As a Specified Substance, Froome's AAF does not trigger a provisional suspension under UCI rules, although Froome is currently in the off-season period and not competing. He was notified of the AAF on September 20, the day of the UCI Road World Championships time trial. He has not raced since that day, with the exception of exhibition criteriums.

He will now have to prove to the UCI that he exceeded the urine limits through use of his inhaler at or below the recommended maximum dose.

Froome said he is not thinking about losing his Vuelta a Espana title or missing the 2018 Giro d'Italia, a race he has stated his intent to compete in.

"As it stands right now, I'm just going to focus on the process and try and give the authorities all the relevant information and make sure that I give myself the best chance in this case. I'm certainly not going to speculate about the outcome," Froome said.

When asked if the case tainted his legacy, Froome insisted he has not broken any rules.

"I do understand this comes as a big shock to a lot of people," he said. "I certainly haven't broken any rules here. I haven't taken more than the permissible amount. I'm sure at the end of the day the truth will be told."

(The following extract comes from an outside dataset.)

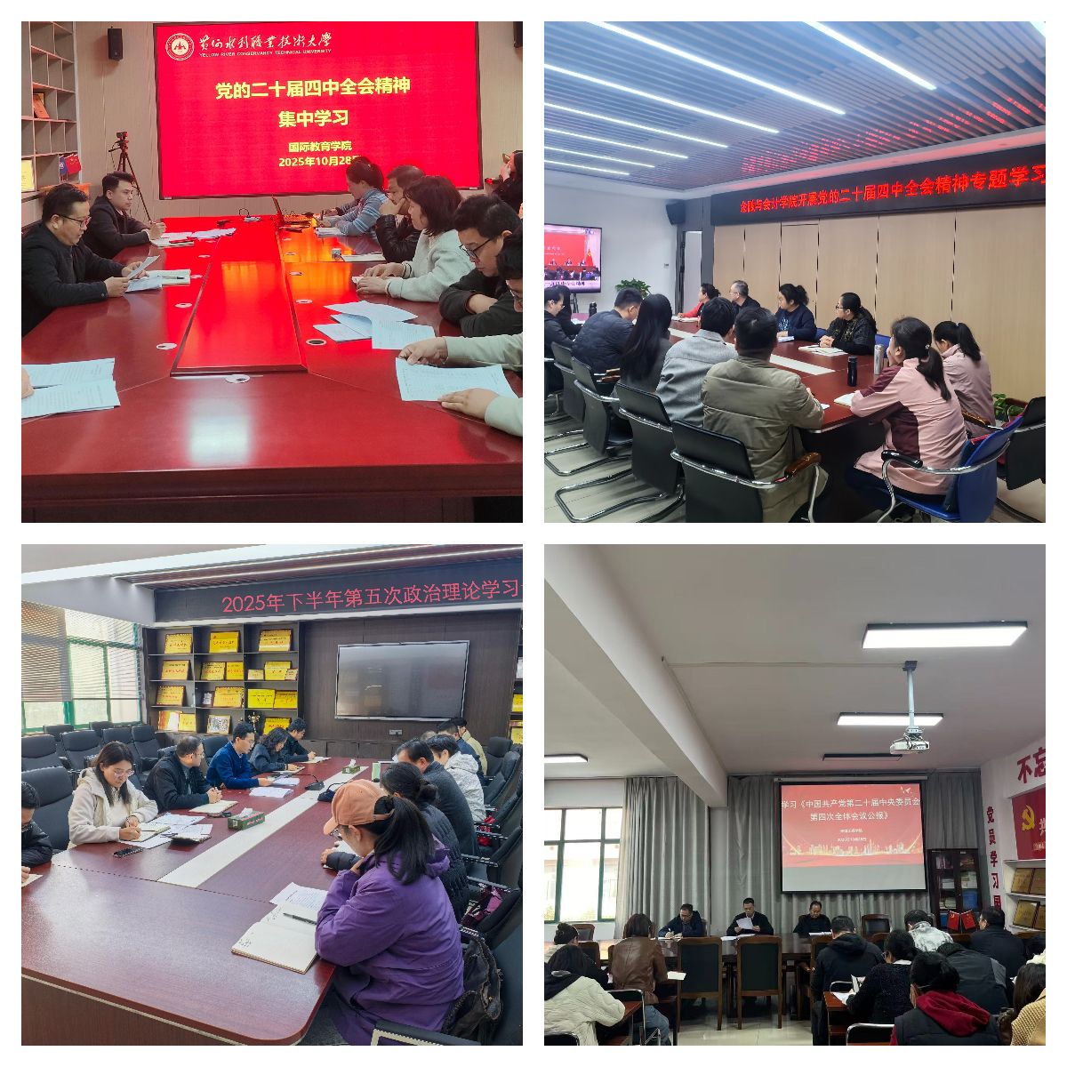 为全面学习好、宣传好、贯彻好党的二十届四中全会精神,将全会精神深度融入学校发展规划与实践推进各环节,用党的创新理论成果推动学校各项事业高质量发展,10月28日,全校各部门、各单位分别组织教职工传达学习《中共中央关于制定国民经济和社会发展第十五个五年规划的建议》《中国共产党第二十届中央委员会第四次全体会议公报》,切实将思想和行动统一到党中央的决策部署上来,在全校迅速掀起学习热潮。

It is the third time a Grand Tour winner has tested positive during the race, after Alberto Contador's 2010 Tour de France positive for clenbuterol and Floyd Landis' testosterone positive from the 2006 Tour de France. Lance Armstrong was stripped of all six of his Tour de France victories after admitting to having doped throughout his career.

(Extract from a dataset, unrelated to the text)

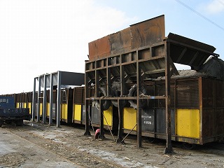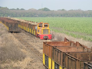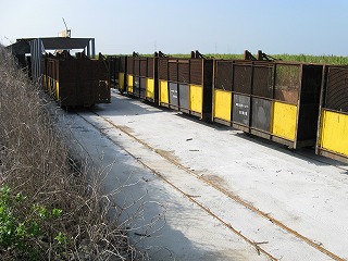 | サトウキビをてんこ盛りにした貨車が 2便の到着を待っていた。 |

But Froome drew distinctions between himself and the sport's sordid past, saying, "Obviously the sport is coming from a place with a very dark background and I've tried to do everything throughout my career to try to show the sport has turned around.

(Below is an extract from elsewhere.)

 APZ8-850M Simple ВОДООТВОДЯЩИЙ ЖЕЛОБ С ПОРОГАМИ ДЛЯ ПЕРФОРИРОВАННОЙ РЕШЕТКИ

"Certainly in my case now I certainly don't feel there as if there was any wrongdoing. There are very clear limits as to how much salbutamol an athlete is able to take. It doesn't require a TUE, and you have to remember I've been a professional cyclist now, treating my symptoms and racing with asthma for 10 years now, this is my 10th season as a professional cyclist, I know what those rules are, I know what those limits are, and I've never gone over those limits."

Froome also explained why, in a post-race interview on the day his sample was over the limit for salbutamol, he told the journalist that he felt fine when asked, because of his previous day's time loss, if he had been ill.

"You have to take a bit of a step back here and remember that during a Grand Tour, I'm in the leaders jersey an I'm being tested every day, but more than that, I'm racing against guys who are looking for any kind of weakness. I'm not going to openly admit three quarters of the way through a Grand Tour, 'I'm suffering with something here guys, I've got a weakness', because obviously all my rivals will come out the next day absolutely swinging. That's part of the race, I need to try and disguise any kind of weakness at that points.

"The mere fact that journalists were asking me 'are you sick, are you battling something?' it meant they could see I was having problems breathing after the stage. I think it was clear to everyone I was very symptomatic at that time."